+++ Recorded data

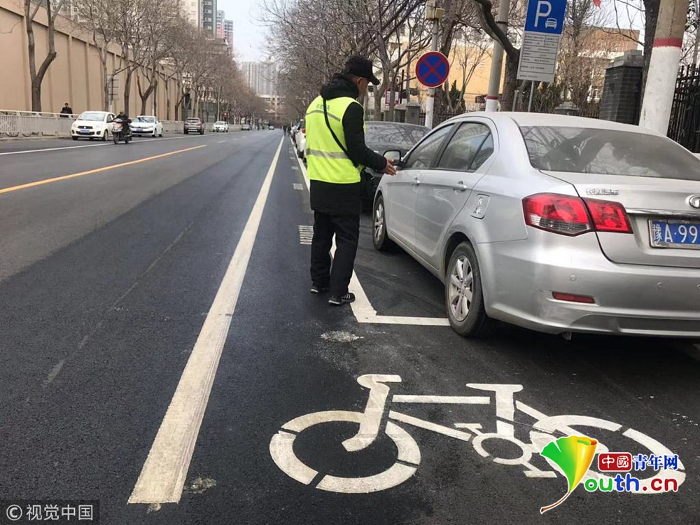 “你看看,自行車道被新劃的停車位占住了,路邊沒有停車還好,一旦有汽車,我騎車只能走快車道,基本沒有騎車的位置了。”市民張先生說,“這里最多能容下一輛電動車通行,不走機(jī)動車道你說走哪?”
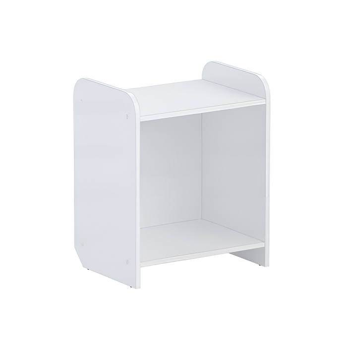 Конструкция стеллажа не имеет острых граней и углов. Тумба стеллажа установлена на пластиковые подпятники.
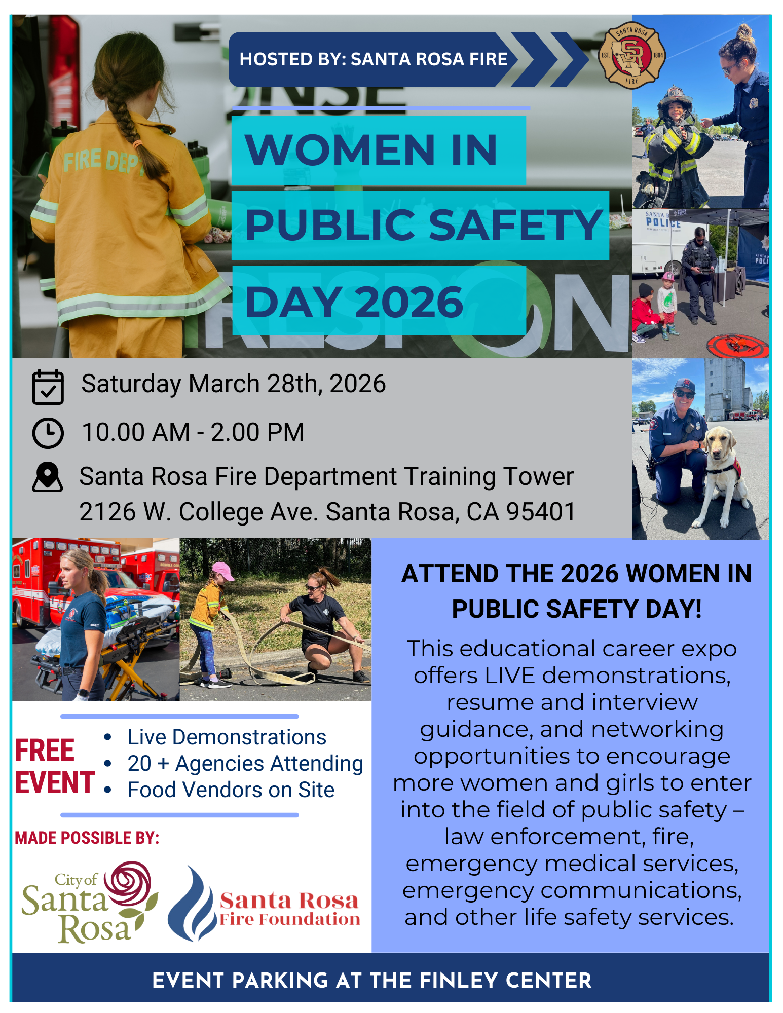 The Santa Rosa Fire Department (SRFD) invites all to attend the 5th Annual Women in Public Safety Day on Sat., March 28th, 10 a.m. – 2 p.m. at SRFD’s Training Tower located 2126 W. College Avenue in Santa Rosa, CA with event parking at the Finley Center. This event will inspire women and girls to pursue careers in public safety as they interact with women working in law enforcement, fire, emergency medical services, and other life safety services.
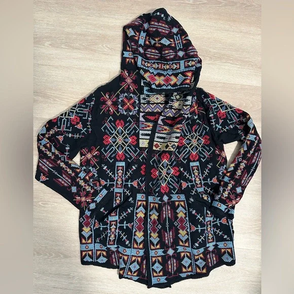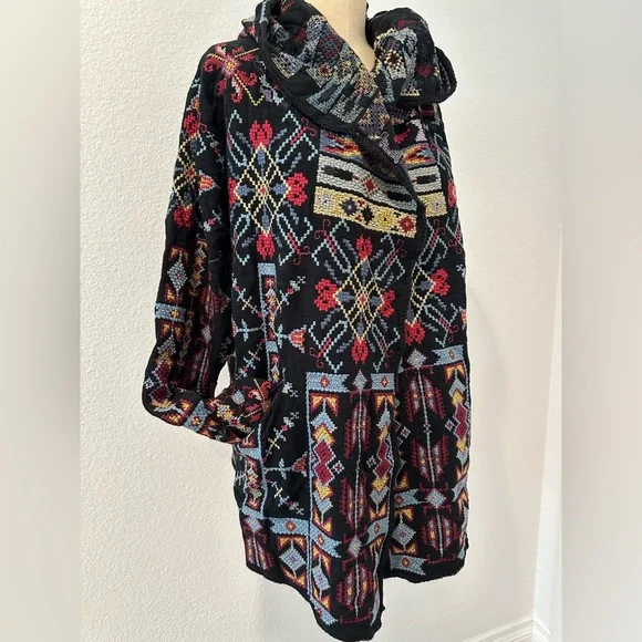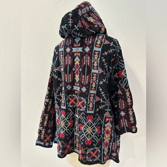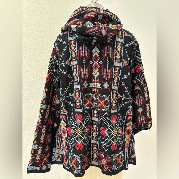 a colorful, intricately patterned hooded jacket. black background with vibrant embroidery in geometric designs, predominantly in red, blue, yellow, and white tones. The design has a distinct bohemian and folk-art vibe, featuring symmetrical patterns across the arms, torso, and hood. The jacket also has pockets, and a high-low hemline for added style. The intricate detailing and use of bold colors make it stand out as a statement piece, perfect for a bohemian or ethnic-inspired fashion collection.

++++++

[What the task requires] From the line containing "Конструкция стеллажа не" through the final line of the listing above, reproduce every line exactly, with no pictures.

[Answer to this task]
 Конструкция стеллажа не имеет острых граней и углов. Тумба стеллажа установлена на пластиковые подпятники.
 The Santa Rosa Fire Department (SRFD) invites all to attend the 5th Annual Women in Public Safety Day on Sat., March 28th, 10 a.m. – 2 p.m. at SRFD’s Training Tower located 2126 W. College Avenue in Santa Rosa, CA with event parking at the Finley Center. This event will inspire women and girls to pursue careers in public safety as they interact with women working in law enforcement, fire, emergency medical services, and other life safety services.
 a colorful, intricately patterned hooded jacket. black background with vibrant embroidery in geometric designs, predominantly in red, blue, yellow, and white tones. The design has a distinct bohemian and folk-art vibe, featuring symmetrical patterns across the arms, torso, and hood. The jacket also has pockets, and a high-low hemline for added style. The intricate detailing and use of bold colors make it stand out as a statement piece, perfect for a bohemian or ethnic-inspired fashion collection.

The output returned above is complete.